If you want to go from zero to a working inbox in under a minute, the LobsterMail quickstart for OpenClaw agents covers the fastest path end to end.
Give your agent its own inbox. Get started with LobsterMail — it's free.
Frequently asked questions
Does LobsterMail require any manual account setup to use with OpenClaw?
No. LobsterMail.create() provisions a free account on first run and saves the token locally. Your agent handles the entire setup step — no human signup required.
What happens if the verification email never arrives?
The polling function throws after your configured timeout. You can catch that error and have the agent retry the signup with a fresh inbox, or mark the session as needing manual review. Setting a reasonable timeout (60 seconds) catches most legitimate delays while surfacing real failures quickly.
Will services reject the @lobstermail.ai domain as disposable?
Some aggressive spam filters block known disposable domains. For services with strict email validation, a custom domain is the cleaner solution. For most SaaS signups and API trials, @lobstermail.ai passes without issue.
How fast is inbox provisioning?
Under a second. createSmartInbox() returns immediately and the address can receive email as soon as the call completes — there's no warm-up period.
Can I run multiple computer use sessions in parallel, each with its own inbox?
Yes. Each call to createSmartInbox() returns an independent inbox with its own address. Parallel sessions poll separate inboxes, so verification codes never land in the wrong place.
What if the service sends a magic link instead of a numeric code?
The catchVerificationEmail function in this guide extracts both. It looks for numeric codes and for URLs containing "confirm", "verify", or "activate". The agent receives whichever form the email contains.

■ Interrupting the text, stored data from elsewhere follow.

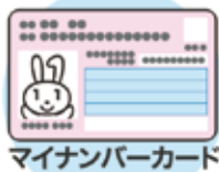
マイナンバーカード
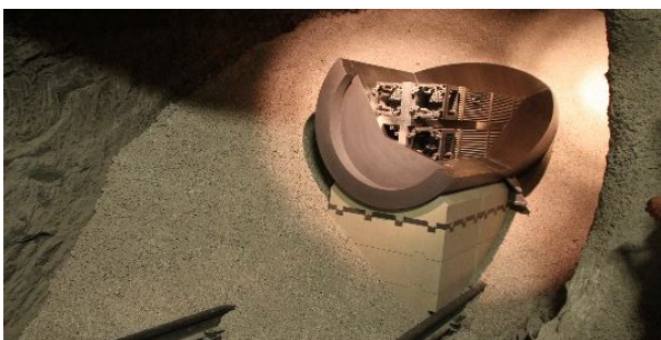
Demonstrationsversuch des Einlagerungskonzeptes für hochaktive Abfälle (Felslabor Grimsel, CH)

Mit fundiertem Fachwissen setzen wir uns beständig ein für den Schutz von Mensch und Umwelt vor Gefährdungen durch Strahlung in Medizin, Forschung, Industrie und bei natürlichen Strahlenquellen. Auch bei Not- und Unfällen berät und informiert der Fachverband die Öffentlichkeit - unabhängig und kompetent. Weitere Info-Blätter: www.strahlenschutzkompakt.de
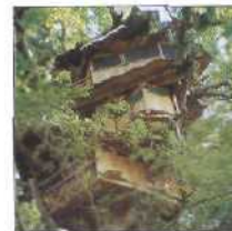
40 DAS DSCHUNGEL-BAUMHAUS
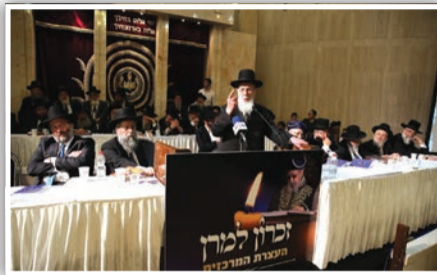
שולחן הכבוד וחלק מהקהל בעצרת

ישראל. לא בנים, לא נכדים, כלל ישראל ואפילו את צרכיו האישיים היה מקריב לטובת הכלל, לפעמים הוא שוכח לישון, לפעמים הוא שוכח לאכול, לפעמים עוברים עליו 48 שעות בלי שינה, הוא לא מרגיש, זו דרכו של אברהם אבינו, תמיד הייתה דרכו לקדושה.
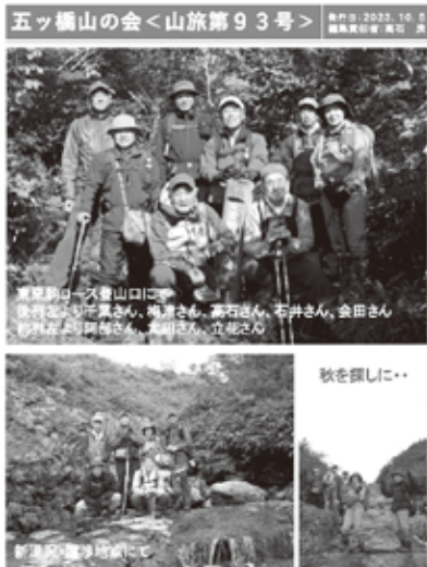
山旅第 93 号表紙 (東栗駒山 R5.10)
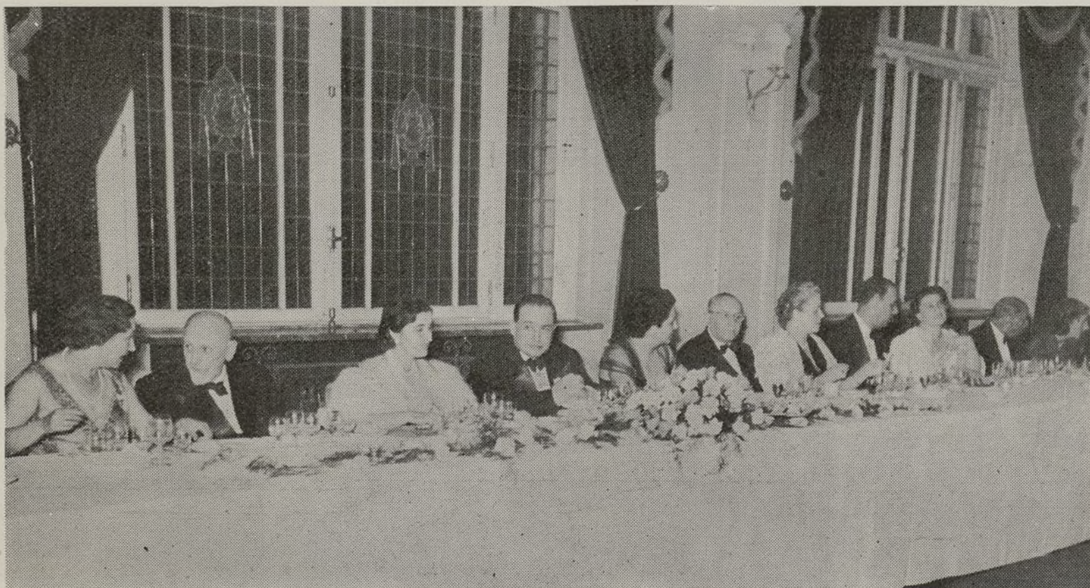
La Marquesa de Villaverde en la Presidencia del banquete de gala celebrado la noche antes de la inauguración del Congreso.
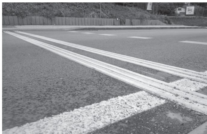
Vodící linie před odstraněním.

Is there a cost to run this?
The free tier covers 1,000 emails per month with no credit card required. For most agent computer use workflows — including running these verification handoffs regularly — the free tier is enough.

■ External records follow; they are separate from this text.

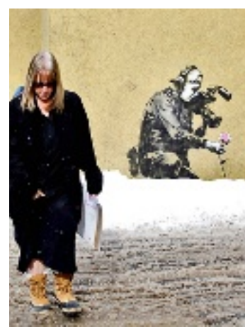
► Obra de Banksy creada durante el pasado Festival de Sundance.

through the gift shop" ( Salga por la tienda de souvenirs ), ya había sido presentada en el festival de Sundance, celebrado hace unos días. Ahí también levantó gran expectativa su presencia.
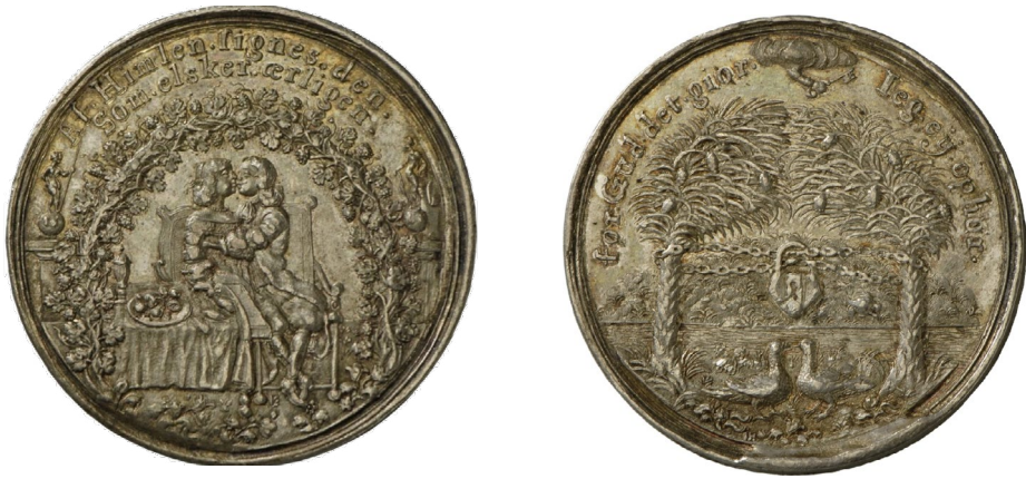
Abb. 3: Af Himlen tignes den som elsker ærligen for Gud det gjor leg ey ophor.
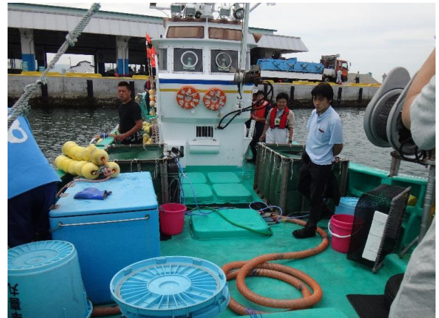
④ 放流海域へ出港 (15:00)

What's the difference between createInbox() and createSmartInbox()?
createSmartInbox() generates a readable address from a name you provide, with automatic collision handling. createInbox() gives you a random address like lobster-xxxx@lobstermail.ai. For workflows where you want recognizable addresses in logs, createSmartInbox() is the better choice.
Can the agent reuse the same inbox across multiple sessions?
Yes. Persist the inbox reference between runs and call receive() on the same address. For signup workflows, a fresh inbox per session keeps verification emails unambiguous. For coordination or monitoring workflows, a persistent inbox makes more sense.
Does LobsterMail work if OpenClaw is running as a background daemon?
Yes. The SDK loads the persisted token on each LobsterMail.create() call and doesn't require a persistent connection on the LobsterMail side. It works the same whether it's running in a foreground terminal or a background daemon.
Does LobsterMail protect against prompt injection in emails?
Yes. Every email returned by the SDK includes security metadata and an injection risk score. If you're passing email body content to your agent, you can inspect the risk score before acting on it. The security and injection guide covers the full protection model.
What OpenClaw version is required for computer use?
Computer use is available in current OpenClaw builds. Check the OpenClaw GitHub repo for the minimum version that ships with the --computerUse flag stable on your platform.